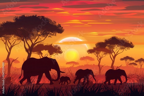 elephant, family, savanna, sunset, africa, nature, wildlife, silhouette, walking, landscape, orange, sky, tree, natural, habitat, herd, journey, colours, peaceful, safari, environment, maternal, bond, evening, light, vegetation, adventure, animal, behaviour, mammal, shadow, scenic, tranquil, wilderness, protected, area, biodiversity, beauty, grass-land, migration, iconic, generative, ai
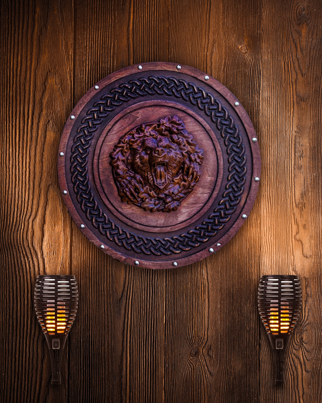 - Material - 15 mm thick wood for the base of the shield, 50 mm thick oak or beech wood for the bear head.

..........

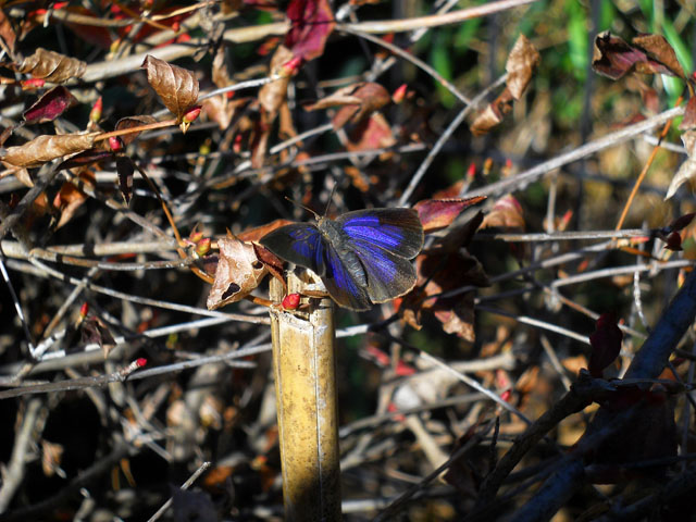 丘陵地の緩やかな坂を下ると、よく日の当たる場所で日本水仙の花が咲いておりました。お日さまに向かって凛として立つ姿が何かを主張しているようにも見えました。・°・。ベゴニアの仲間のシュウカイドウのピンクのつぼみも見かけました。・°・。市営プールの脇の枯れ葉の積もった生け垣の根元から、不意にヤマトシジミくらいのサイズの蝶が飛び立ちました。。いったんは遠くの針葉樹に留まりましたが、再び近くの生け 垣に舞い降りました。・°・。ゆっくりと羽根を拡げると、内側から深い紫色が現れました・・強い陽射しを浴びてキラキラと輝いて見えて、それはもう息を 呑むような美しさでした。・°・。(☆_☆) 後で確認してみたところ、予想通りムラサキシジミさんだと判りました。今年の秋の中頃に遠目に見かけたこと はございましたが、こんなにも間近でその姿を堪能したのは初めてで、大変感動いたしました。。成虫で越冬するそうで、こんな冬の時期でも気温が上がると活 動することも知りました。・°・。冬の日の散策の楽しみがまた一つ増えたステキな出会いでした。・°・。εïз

..........

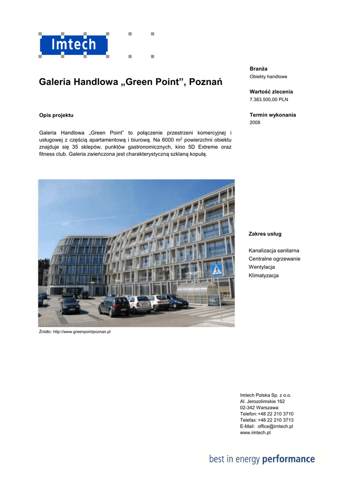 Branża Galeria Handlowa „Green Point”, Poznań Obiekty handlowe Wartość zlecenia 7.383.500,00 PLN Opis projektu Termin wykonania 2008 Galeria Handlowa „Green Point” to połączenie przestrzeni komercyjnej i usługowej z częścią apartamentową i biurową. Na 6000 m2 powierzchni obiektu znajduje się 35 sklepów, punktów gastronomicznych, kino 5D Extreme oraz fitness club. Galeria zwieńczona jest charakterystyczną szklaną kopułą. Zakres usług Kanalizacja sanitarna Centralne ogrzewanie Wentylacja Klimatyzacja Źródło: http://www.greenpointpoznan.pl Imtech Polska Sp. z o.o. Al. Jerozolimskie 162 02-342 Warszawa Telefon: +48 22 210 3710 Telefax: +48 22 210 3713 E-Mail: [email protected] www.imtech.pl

..........

EXERCISE REQUIREMENTS = Transcribe, word for word, the lines of the listing above from the one that contains "iconic, generative, ai" through the one that contains "- Material - 15", keeping both ends and dropping the pictures.

EXERCISE OUTPUT =
 elephant, family, savanna, sunset, africa, nature, wildlife, silhouette, walking, landscape, orange, sky, tree, natural, habitat, herd, journey, colours, peaceful, safari, environment, maternal, bond, evening, light, vegetation, adventure, animal, behaviour, mammal, shadow, scenic, tranquil, wilderness, protected, area, biodiversity, beauty, grass-land, migration, iconic, generative, ai
 - Material - 15 mm thick wood for the base of the shield, 50 mm thick oak or beech wood for the bear head.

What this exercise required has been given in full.